Increased short-circuit current in grating-coupled surface plasmon resonance field-enhanced dye-sensitized solar cells

Abstract

In this paper, we demonstrate the fabrication of grating-coupled surface plasmon resonance (SPR)-enhanced dye-sensitized solar cells (DSSCs) and their increased short-circuit current properties. DSSCs consisted of a grating substrate/gold/TiO₂/dye/electrolyte/indium-tin oxide structure. Blu-ray disc recordables were used as diffraction grating substrates on which gold films were deposited by vacuum evaporation. TiO₂ films were prepared on the gold/grating substrates by an electrophoretic deposition technique. 5,10,15,20-Tetrakis (1-methyl-4-pyridinio) porphyrin tetra (p-toluenesulfonate) and sodium copper chlorophyllin layer-by-layer ultrathin films were deposited as the dye layer on the TiO₂ films.
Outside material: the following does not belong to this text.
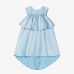 Exclusive to Childrensaon, a gorgeous pale blue special occasion dress for girls by Hucklebones London, made in soft, mid-weight satin twill. This elegant, sleeveless design has a deep ruffle trim on the chest and an eye-catching, oversized, glittery gold bow on the back. It has a discreet, concealed zip fastening and a stylish dipped hem on the back, with a soft satin lining for comfort.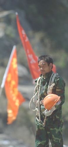 5月19日14时28分起,正在宝成铁路109隧道日夜奋战的抢险人员为汶川特大地震遇难者默哀。

SPR excitation was observed in the fabricated cells upon irradiation with white light. Up to 4.5-fold increase in the short-circuit photocurrent was observed when the surface plasmon (SP) was excited on the gold gratings as compared with that without SP excitation. Finite-difference time-domain simulation indicated that the electrical field in the dye layer could be increased using the grating-coupled SP technique.